Anyway, after a round of "terrorise the new girl", Adrien ends up taken under the wing of "Queen" Brittany - a slave to lip gloss and the rather conniving leader of the rich kid gang - and between menial chores such as waiting tables, cleaning pools and fetching ice hangs out and participates in their usual summer activities - tennis, golf, sailing, partying and, of course, killing. Killing? Well, this is an attempt at a teen slasher flick, after all.

"Am I supposed to be scared now?"

Full of fairly unknown young actors that do a serviceable job as clotheshorses, The In Crowd fails to impress for the simple reason that it's a supposed thriller that's about as scary and thrills-laden as a newborn puppy. Mind you the couple of appearances of naked breasts, and one and a half girl-on-girl kissing scenes (one is supposed to be mouth to mouth resuscitation, but that no doubt won’t matter to the Beavis and Buttheads of the world) should at least ensure this gets a few rentals from testosterone-frenzied teenage boys with nothing better to do. Anybody else could do much better.

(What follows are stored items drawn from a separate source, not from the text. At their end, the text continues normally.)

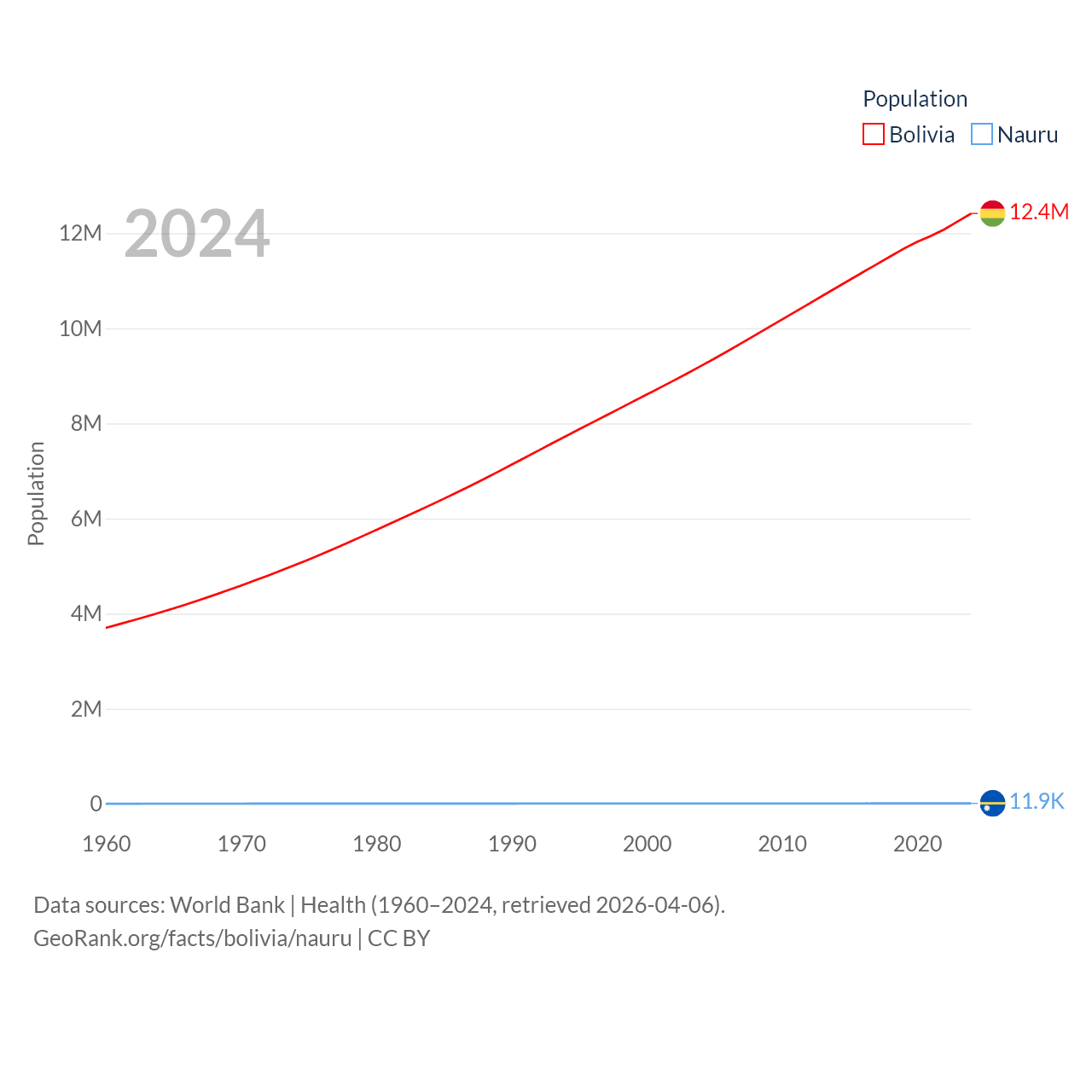 Bolivia has a population of 12.4M (ranked 79/197), compared with 11.9K in Nauru (ranked 195/197). Bolivia's land area is 418,264 sq mi versus 7.72 sq mi for Nauru (ranked 27th vs. 195th).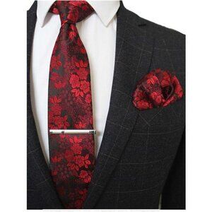 Floral Necktie and Pocket Square Tie Clip Sets for Men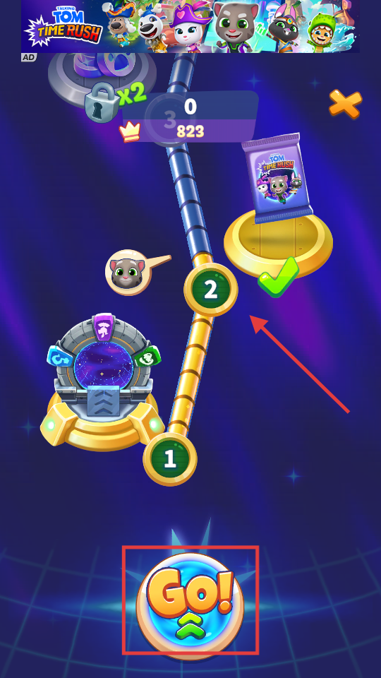 1、点击底部带有向上箭头的Go按钮,即可开启汤姆猫的时光跑酷冒险。

It's almost getting boring reviewing Village Roadshow releases of late, simply as it's rare that there is any thing to whinge about in the video department. This is another very good transfer, which is presented at a ratio of 1.78:1 and anamorphically enhanced. The layer change must be praised for being quite expertly placed, freezing as it does momentarily on a static scene right after a location transition and going by so that it is virtually unnoticeable.

Colour is rendered lovingly, the image is essentially sharp as a tack throughout and the many dark scenes - nighttime at the beach for example - generally display more than adequate shadow detail. If we were to be incredibly finicky it could be noted that there are a few miniscule flecks throughout the film's duration, a couple of very minor instances of aliasing and one point where a shirt tends to shimmer a little, however these foibles are certainly not in any way intrusive.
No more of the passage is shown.